Remember, this is about work, not play (that’ll come later). We wanted to build a workstation-class machine that would not only handle business, but also enable some basic entertainment functionality after-hours at a reasonable price. Gigabyte’s MA78GM-S2H motherboard, based on AMD’s 780G chipset, does all of those things and fits nicely into our In Win chassis.

The microATX board sports a Socket AM2+ interface, so it goes well with any of AMD’s 95 W Phenom CPUs. Its four DDR2 memory slots take up to 16 GB of RAM, and an integrated Radeon HD 3200-series graphics core serves up reasonable DirectX 10 performance. More important, however, is that the chip boasts AMD’s Unified Video Decoder for hardware help decoding Blu-ray movies. Dual display outputs let you run a pair of LCDs side by side. We’re fans of multi-monitor setups — another great back-to-school idea — and supporting four displays between the onboard outputs and a single add-in board is exactly what we need from a workhorse.

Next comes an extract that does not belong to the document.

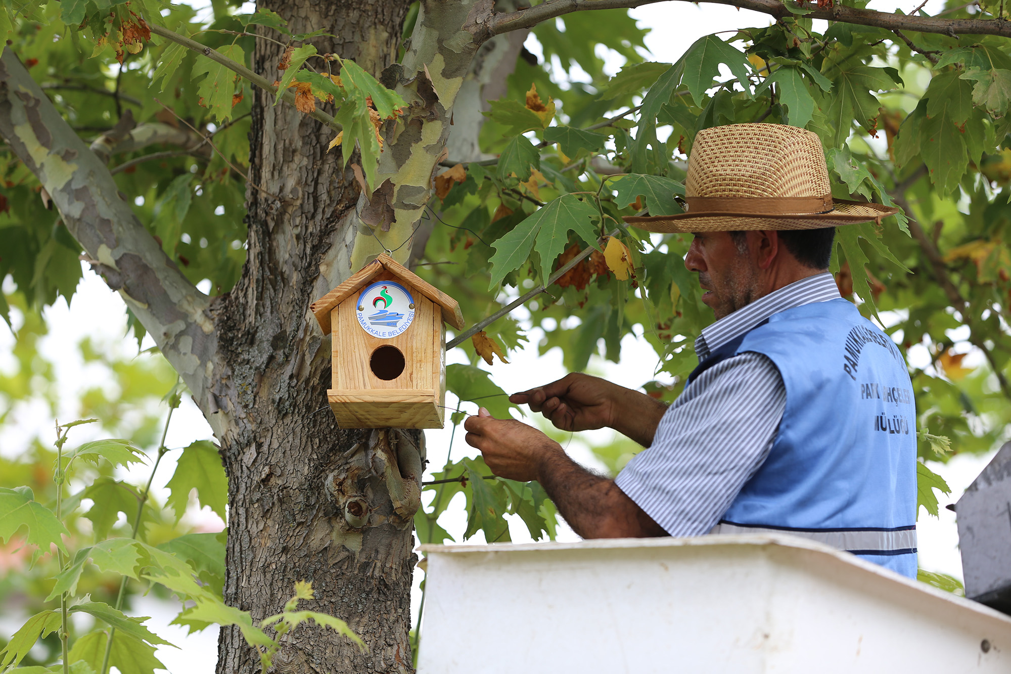 Pamukkale Belediyesi, örnek bir projeye daha imza atarak ilçe sınırları içinde bulunan parklardaki uygun ağaçlara kuş yuvaları asıyor. Pamukkale Belediyesi Park ve Bahçeler Müdürlüğü ekipleri doğal afetler sonucu devrilen ve kuruyan ağaçları kuş yuvası haline getiriyor. İlk etapta 100 adetle başlayan proje kapsamında parklara ve yeşil alanlara kuş yuvaları asılacak.

Additionally, Gigabyte arms its MA78GM-S2H with lots of integration. The list is long and distinguished: HD Audio, plenty of USB 2.0 ports, FireWire, five SATA ports, one eSATA port, DVI, VGA, HDMI, Gigabit Ethernet and PCI Express 2.0. When you consider that the motherboard sells for about $90, that’s really quite a value.

Processor: AMD Phenom X4 9550

In keeping with our low-priced, high-performance theme, we chose AMD’s Phenom X4 9550 quad-core processor to power our little deuce coupe. Of course, the 2.2 GHz chip isn’t the fastest in the family, but its lower operating speed actually works to our advantage. Even while In Win’s chassis is set up for an Intel-based platform, the Gigabyte 780G board and 95 W AMD CPU drop right in and run almost silently. Surely the 125 W or 140 W Phenoms would be more thermally-challenged in such cramped quarters.

AMD’s “Agena” architecture delivers a quartet of 512 kB L2 caches and a unified 2 MB L3 repository. It’s able to take full advantage of the 780G chipset’s HyperTransport 3.0 link, too.

You can currently find the retail boxed 9550 priced at around $175 online. However, we’ve noticed that a number of enthusiasts are unhappy with the aluminum fan bundled with the retail kit, so you might want to think about a tray processor and aftermarket cooler. We used an Ajigo MF091-096 with a ball bearing fan without any clearance issues — the system ran smoothly and stayed whisper-quiet.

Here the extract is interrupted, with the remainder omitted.